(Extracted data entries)
[Start of Attachment]

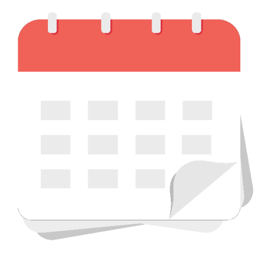
$115 Per Year
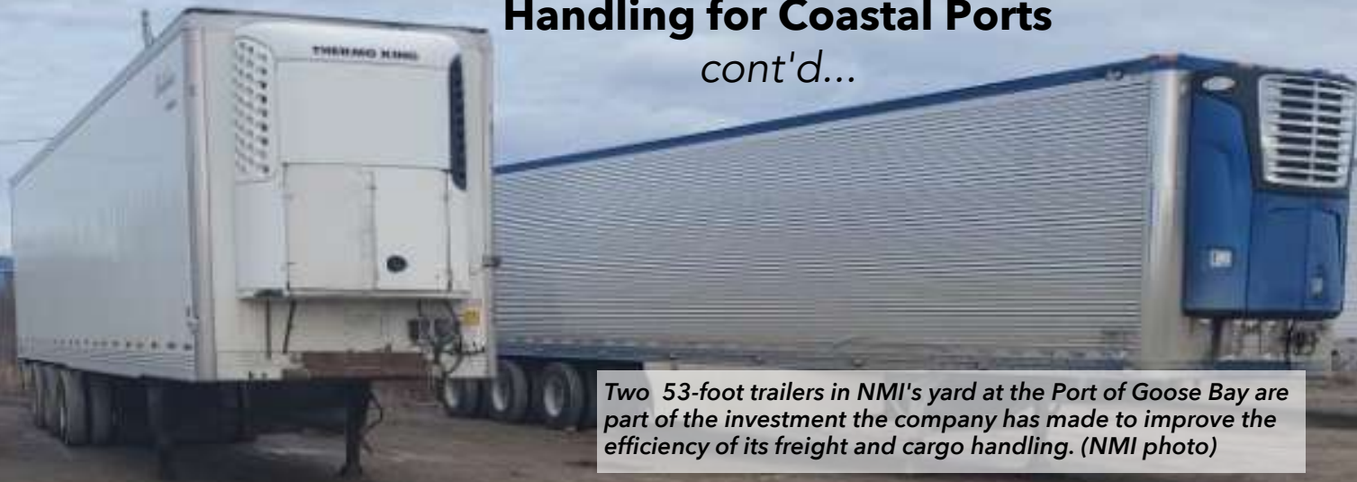
Two 53-foot trailers in NMI's yard at the Port of Goose Bay are part of the investment the company has made to improve the efficiency of its freight and cargo handling.

"We purchased two 53-foot trailers," says Latimer. "One is for dry shipments like packaged food and beverages and the other is a reefer to carry chilled and frozen products. A 53-foot trailer allows us to make maximum use of the deck space on the ship. The trailer actually takes up the same deck space as two 20-foot containers and it can hold more cargo. That improves efficiency both in clearing up freight in the terminal and in loading and unloading."
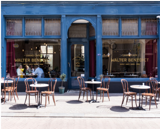
11 WALTER BENEDICT

Anna Paulownaplein 13 / 16 +31 70 363 00 02 Mon-Fri 09.00-21.30 Sat-Sun 10.00-21.30
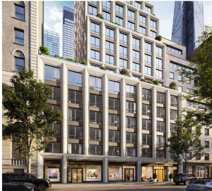
18 West 55th Street. Rendering courtesy of Streetsense.

The renderings in the main photo and below show the building's array of stepped setbacks topped with landscaped terraces. The ground floor will feature expansive floor-to-ceiling glass for the retail frontage.
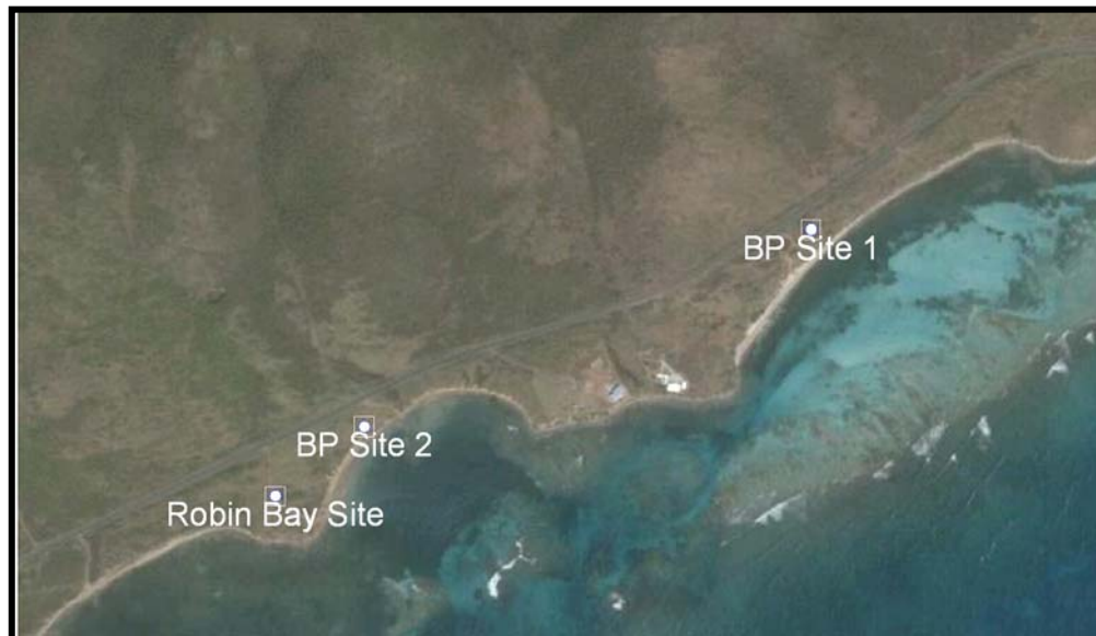
Figure 4: Satellite image (Google Earth Pro) showing the location of the Pre-Columbian sites
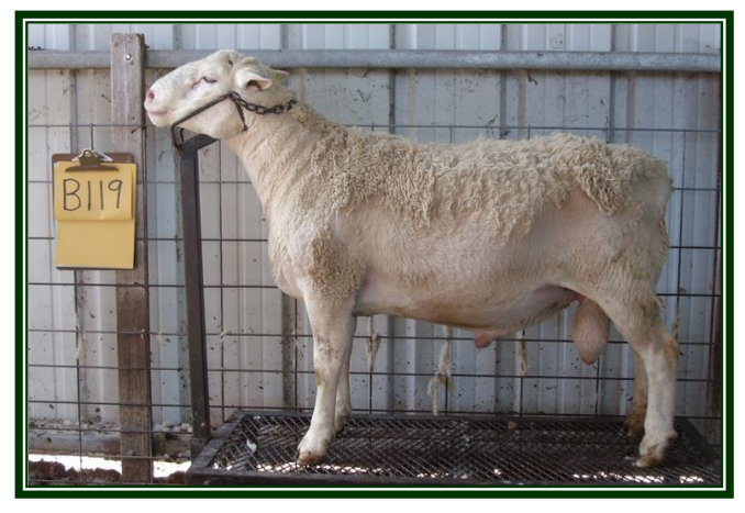
LOT 1: YEARLING RAM

Glenn Land Farm White Dorpers have found a niche in both the upscale restaurant and farmer's market trade as well as in the ethnic community. Pasture finished lamb is desired by a large portion of the specialty market consumers and White Dorpers fit the specs perfectly. You may already be selling to these markets, but if you are not you should strongly consider the virtues of this breed of sheep in the market scheme of the major population centers of the western states. At Glenn Land Farm we are very excited about these sheep and we know you will be too once you try them. All of the consignors at the production sale are equally excited about Dorpers and hope you can come and enjoy a special day devoted to this breed.
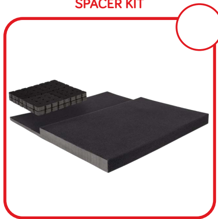
ISCHIAL CONTOUR CUSHION SPACER KIT

Raises cushion for extra long leg lengths, or as a base for attaching contouring support wedges.

[End of Attachment]

▶ [WHAT IS EXPECTED] Your answer should hold only the lines from the line with "purchased two 53-foot" through the closing line of the records, restated exactly and free of pictures.

▶ [TASK RESULT]
"We purchased two 53-foot trailers," says Latimer. "One is for dry shipments like packaged food and beverages and the other is a reefer to carry chilled and frozen products. A 53-foot trailer allows us to make maximum use of the deck space on the ship. The trailer actually takes up the same deck space as two 20-foot containers and it can hold more cargo. That improves efficiency both in clearing up freight in the terminal and in loading and unloading."
11 WALTER BENEDICT

Anna Paulownaplein 13 / 16 +31 70 363 00 02 Mon-Fri 09.00-21.30 Sat-Sun 10.00-21.30
18 West 55th Street. Rendering courtesy of Streetsense.

The renderings in the main photo and below show the building's array of stepped setbacks topped with landscaped terraces. The ground floor will feature expansive floor-to-ceiling glass for the retail frontage.
Figure 4: Satellite image (Google Earth Pro) showing the location of the Pre-Columbian sites
LOT 1: YEARLING RAM

Glenn Land Farm White Dorpers have found a niche in both the upscale restaurant and farmer's market trade as well as in the ethnic community. Pasture finished lamb is desired by a large portion of the specialty market consumers and White Dorpers fit the specs perfectly. You may already be selling to these markets, but if you are not you should strongly consider the virtues of this breed of sheep in the market scheme of the major population centers of the western states. At Glenn Land Farm we are very excited about these sheep and we know you will be too once you try them. All of the consignors at the production sale are equally excited about Dorpers and hope you can come and enjoy a special day devoted to this breed.
ISCHIAL CONTOUR CUSHION SPACER KIT

Raises cushion for extra long leg lengths, or as a base for attaching contouring support wedges.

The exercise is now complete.